Невидимым велением взор мой снова приковался к открывшейся мне знакомой перспективе. На этот раз я увидел в тени, отбрасываемой пирамидой, дорогой мне образ, живым виденьем восставший предо мной по воле мудрого Ненху-Ра. Она стояла в той же позе, в какой видел я ее впервые. Чудные черты ее лица сияли красотой, румянец играл на смуглых щеках; обнаженные руки опущены были вдоль тела; головка грациозно склонилась на грудь. Ее взоры были опущены, и только длинные ресницы слегка вздрагивали.
Я, Аменопис, сразу схватил весь ее образ и созерцал его, полный трепетного восторга. О, как хотел я, чтобы глаза ее раскрылись и взор ее встретился с моим!..
Но — увы! — ее веки по-прежнему были опущены, и ни одна черта ее лица не дрогнула, хотя я взывал к ней всей силой моего существа!
— Ты видишь ее, Аменопис, — заговорил Ненху-Ра, — видишь такой, какой видел ты ее впервые здесь, в этой жизни! Ты не можешь увидеть ее в том бытии, в каком находится она сейчас! Но ты услышишь ее и почувствуешь! Приготовься, сын мой! Внемли, Аменопис!..
С последним словом Ненху-Ра видение исчезло, огонь светильника погас, и меня окутала тьма.
Я почувствовал холод, охватывающий мое тело. Мрак, окружавший меня, — чудилось мне, — расширяется, растет, обнимает меня со всех сторон, обращается в бесконечную, безграничную, чуждую мне бездну. В этой бездне нет ничего, я чувствую это. Она так же пуста и безгранична, как небытие…
И я уже не ощущаю своего тела — оно исчезло, уничтожилось, и освобожденный дух мой парит свободно в бесконечной, безграничной сфере мрачной бездны…
Так вот оно — небытие! Мертвый покой, незримая и невидимая бесконечность, вечная холодная ночь, без выхода, без цели! Да и какая цель может быть у небытия?..
— Возвратись, Аменопис!.. — слабым звуком долетело до меня из глубины бездны.
И вот, я сознаю, как телесное существо мое возвращается ко мне. Тот же мрак окутывает меня, но я чувствую, что он уже не простирается в бесконечность: это мрак вещественный, а за ним скрываются своды и стены комнаты.
Оцепенение по-прежнему сковывает мои члены. Я не могу двигаться, не могу по-прежнему произнести ни слова. Но я могу ощущать, ибо чувствую себя в вещественной телесной оболочке.
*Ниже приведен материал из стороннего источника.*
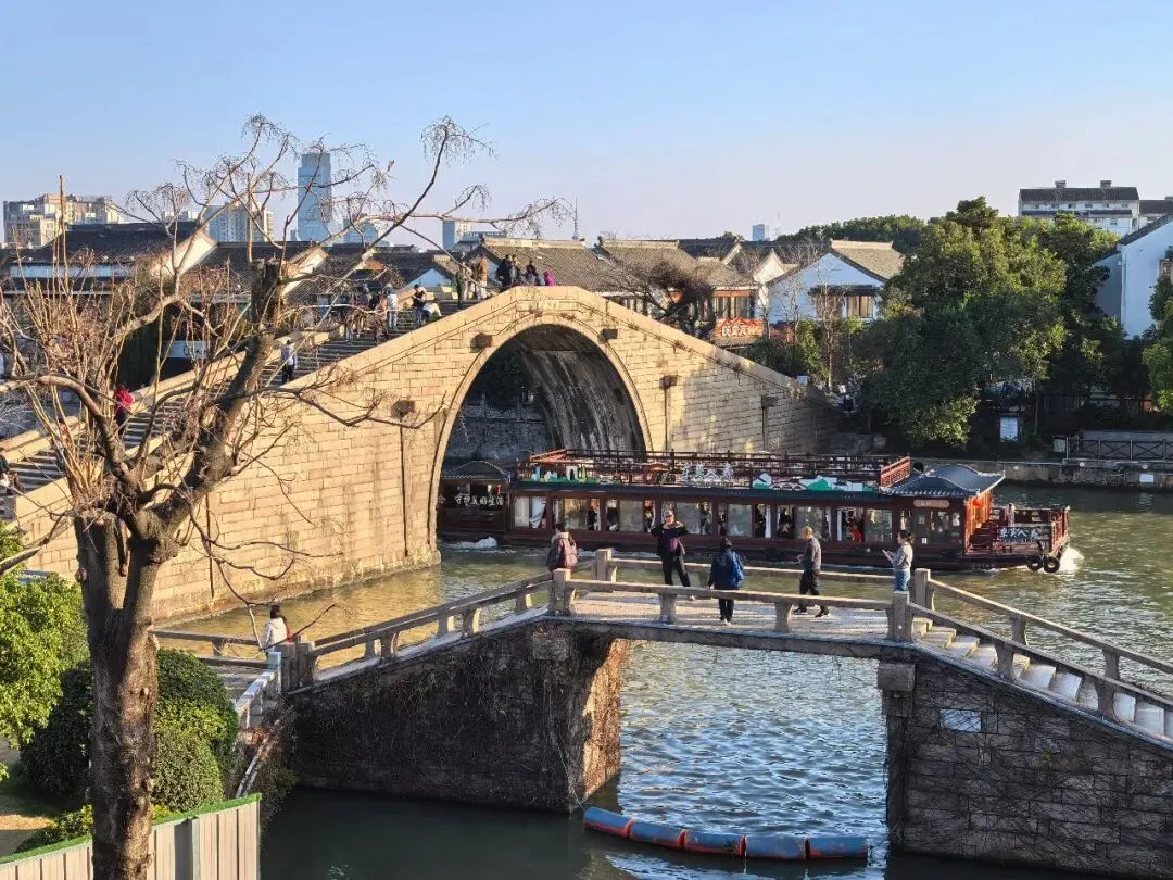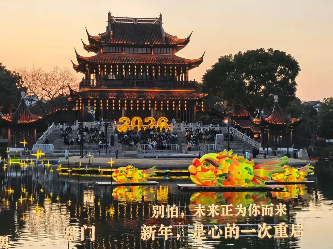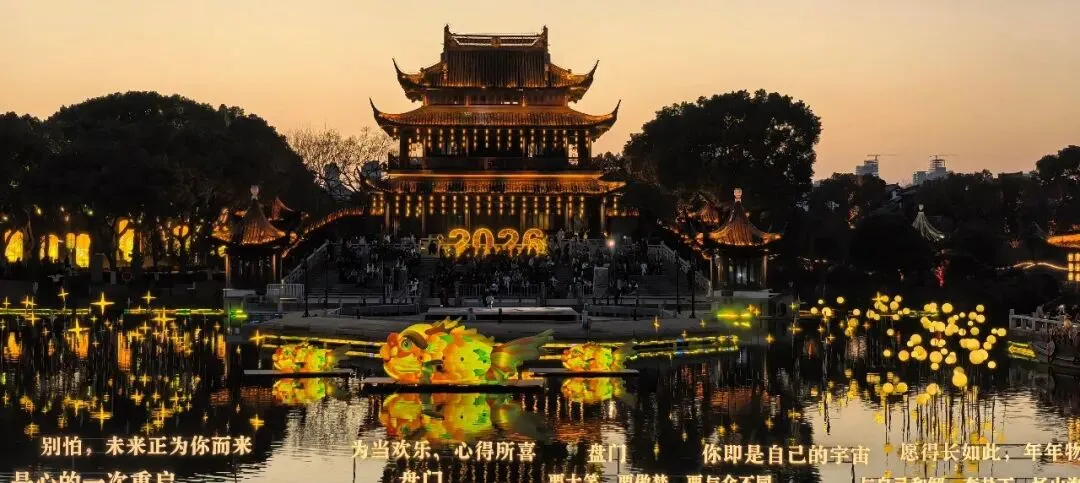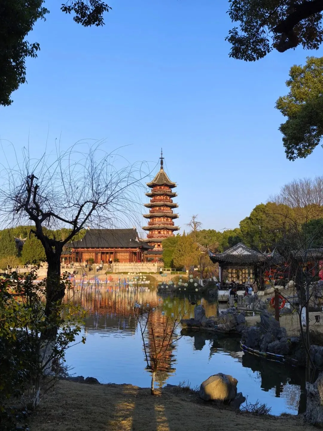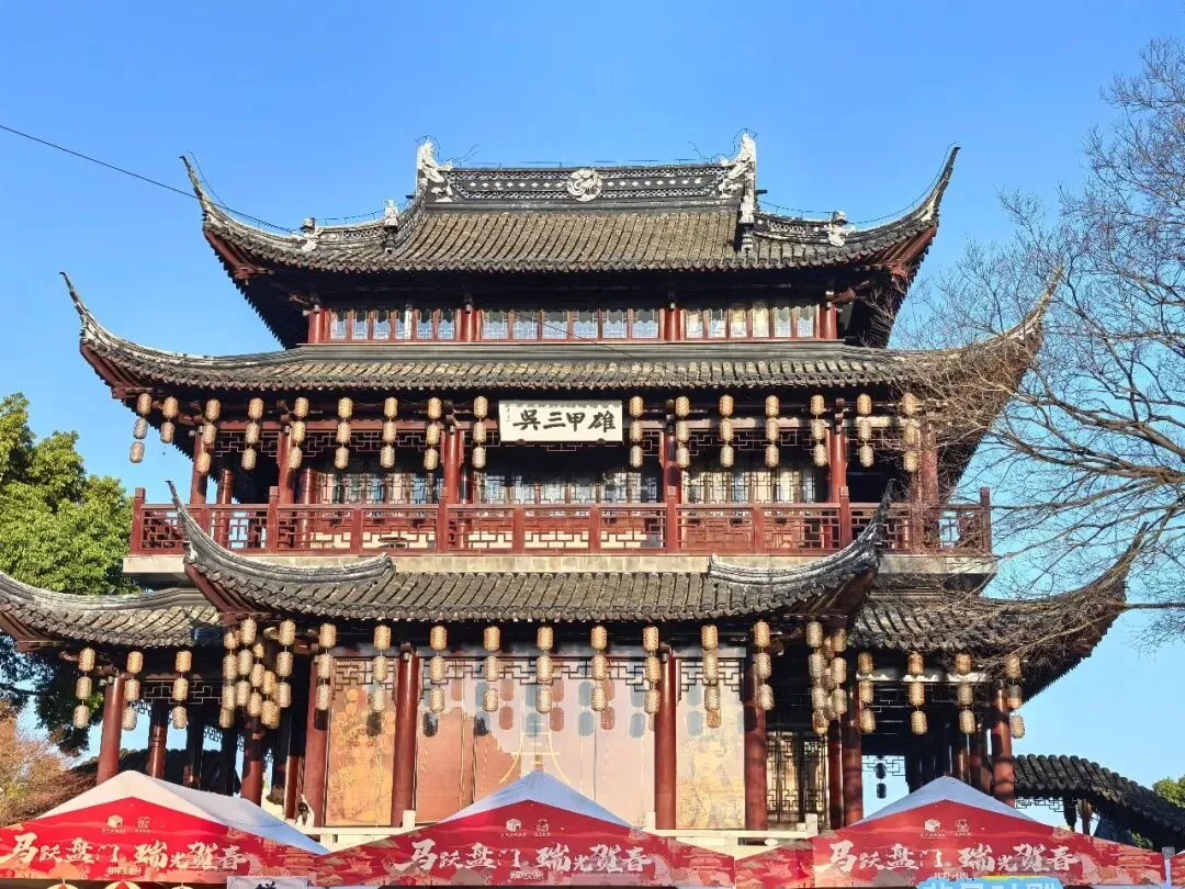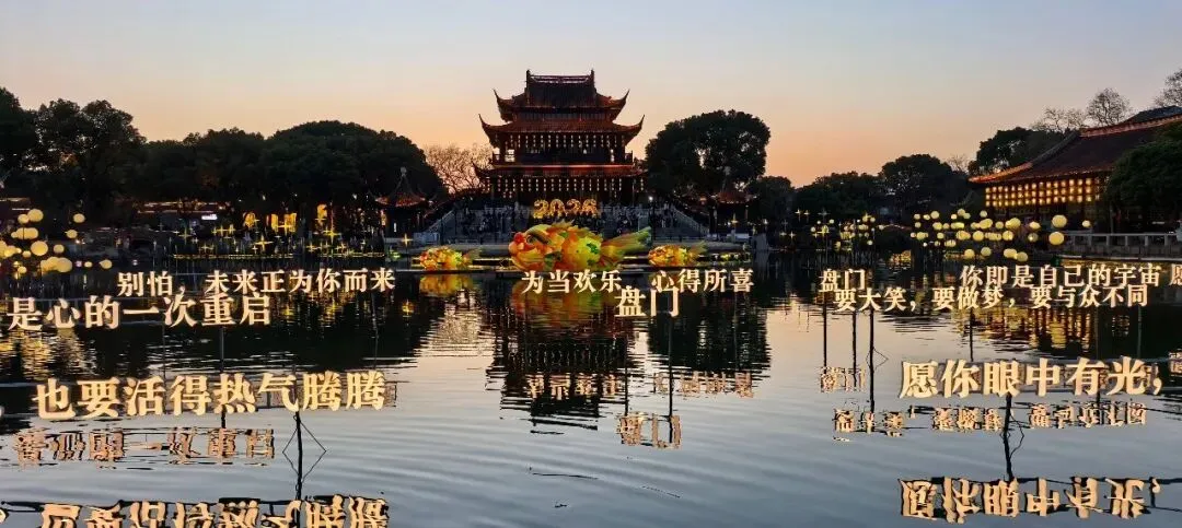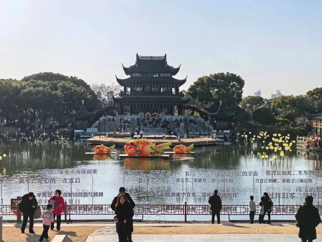 【游园】—— 苏州盘门景区过年期间被虎丘灯会种草,但是被某书上虎丘的people mountain people sea劝退。 于是退而求其次,选择去盘门景区,由于夜场票已经买不到,就买了日场票,博物馆出来稍作休息便赶在4点前入场了。

Я сознаю и присутствие Ненху-Ра, стоящего за мной.
Тишина и мрак не рассеиваются, и даже замерло самое биение моего сердца.
Но вот недвижимый воздух как бы заколебался, и легкое, едва ощутимое, прохладное дуновение коснулось меня…
Что это?..
Или струя извне прорвалась в замкнутую каменную твердыню?..
Нет!.. Трепет охватил меня при этом незримом прикосновении, а тело мое содрогнулось от хладного дыхания…
Но только тело: душа почувствовала неизъяснимое блаженство и отозвалась на призыв…
Снова коснулось меня хладное дуновение, снова содрогнулось мое тело, и слабый, как бы из отдаления донесшийся до меня шепот коснулся моего слуха.
— Я возвращусь к тебе, мой Аменопис!.. Мрак смерти окутает тебя, и когда вновь душа твоя возвратится к земному бытию, ты увидишь меня еще более прекрасною, чем видел раньше!..
Холодное дуновение коснулось уст моих, и все вокруг меня снова погрузилось в тишину и безмолвие.
Светильник возжегся и смутно озарил своды и стены. Ненху-Ра стоял около меня, и я чувствовал, что снова стал тем же Аменописом, каким был до появления дивных видений, вызванных таинственной силой умудренного недоступными знаниями верховного жреца.
Он глядел на меня с кроткой полуулыбкой, слегка подернувшей его сухие старческие губы.
— Что скажешь ты, Аменопис? — проговорил он. — Не согласишься ли ты с тем, что наша наука — не пустой звук, и что она способна была дать утешение твоему страждущему сердцу?.. Вспомни: твоя душа витала в незримой обители… Что скажешь ты, Аменопис?..
Что мог сказать я?.. Мое тело ослабело, и усталость смежала мои веки. Действительно, правду вещало мне — мнил я — предвещание Ненху-Ра.
Так объяснил я тогда, вместе с мудрым Ненху-Ра, предсказание судьбы и бывшим со мной видением объяснил его исполнение.
О, как ошибались оба мы — и мудрый Ненху-Ра и непросвещенный светом знания юный и полный жизни Аменопис!..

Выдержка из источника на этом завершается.